One of the Playhouse Disney block's most popular series was Bear in the Big Blue House, an educational puppetry series from Jim Henson Television that debuted on October 20, 1997, focusing on the adventures of Bear (performed by Noel MacNeal); the series was named by TV Guide as one of the "top 10 new shows for kids" that year. For the first three years of its run, the Playhouse Disney block originally aired each weekday from 8:30 a.m. to 2:30 p.m. Eastern Time, and weekends from 6:00 to 10:00 a.m. Eastern Time. Following each program, which usually ran 23 minutes (most of which, with the exception of films, aired without promotional interruption), the remainder of the time period was filled by either short segments and music videos (the latter of which were originally aired under the banner "Feet Beat") or an episode of an acquired short series.

On April 16, 2001, Playhouse Disney introduced a new on-air graphics package produced by motion graphics company Beehive; actress Allyce Beasley began serving as the U.S. block's promo announcer at this time, a capacity she would hold until March 30, 2007. Radio Disney cross-promoted the block by rebranding its "Mickey and Minnie's Tune Time" block as "Playhouse Disney", and in 2002, the TV block's "Feet Beat" interstitials were renamed "BB's Music Time" to promote the Radio Disney block.
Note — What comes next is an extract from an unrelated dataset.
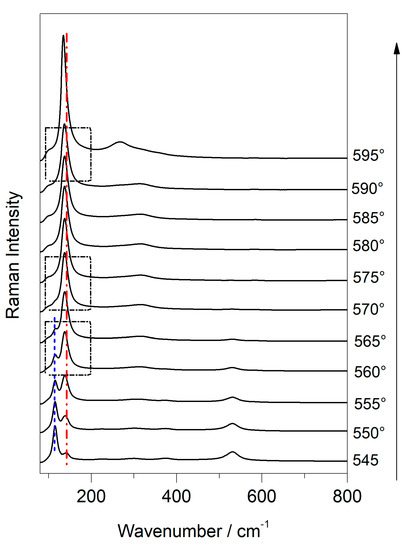 At 540 °C, an increase in the intensity of the band at 145 cm−1 was noticed, and even a gradual shift towards lower wavelengths. Between 550 °C and 555 °C, an inversion of intensity between the two bands at 116 and 140 cm−1 was visible in the Raman spectra in Figure 12. At 560 °C, the transition from red lead to litharge occurred, with the formation of the band at 138 cm−1 and one at 314 cm−1, and only the band at 534 cm−1 from red lead was visible, which lost intensity. In the spectrum collected at 570 °C the red lead bands were not visible, and only the litharge ones were present. Between 590 °C and 595 °C, the phase transition between litharge and massicot occurred, with the formation of the massicot bands at maximum power (at 135 and at 270 cm−1), which remained in that position even at 600 °C. Although the laser power used for the analyses was low (1%), a contribution of the laser to the formation of the secondary products could not be excluded. However, the formation of the massicot between 590 and 595 °C disagrees (5 °C) with what is reported in the literature.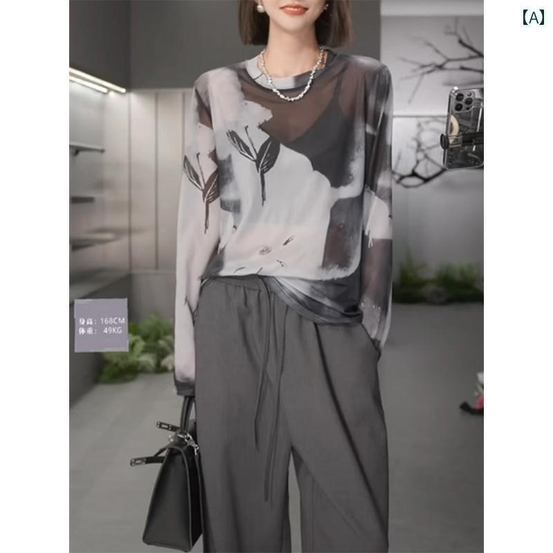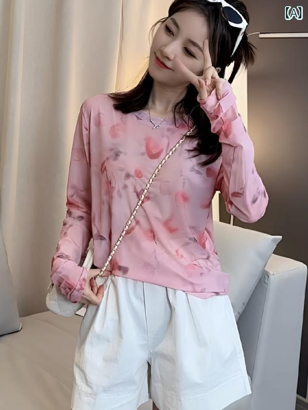 レディース トップス 不規則な 水墨 画 ラウンドネック 薄手 長袖 Tシャツ 女性 2025 夏 スリム 日焼け防止 トップ

On June 25, 2001, Disney-ABC Cable Networks Group (now Disney-ABC Television Group) announced plans to launch Playhouse Disney Channel, a companion digital cable and satellite channel that would have served the same target audience as the Disney Channel block; plans for the network were later scrapped, although Disney-ABC International Television would launch dedicated Playhouse Disney channels and blocks in international markets (including Canada, Afro-Eurasia and Latin America) between 2002 and 2007. The Walt Disney Company acquired the broadcast rights to The Wiggles as part of their purchase of the Fox Family Channel in 2001; The Wiggles moved to Playhouse Disney in June 2002 and became one of the block's most watched shows during its run.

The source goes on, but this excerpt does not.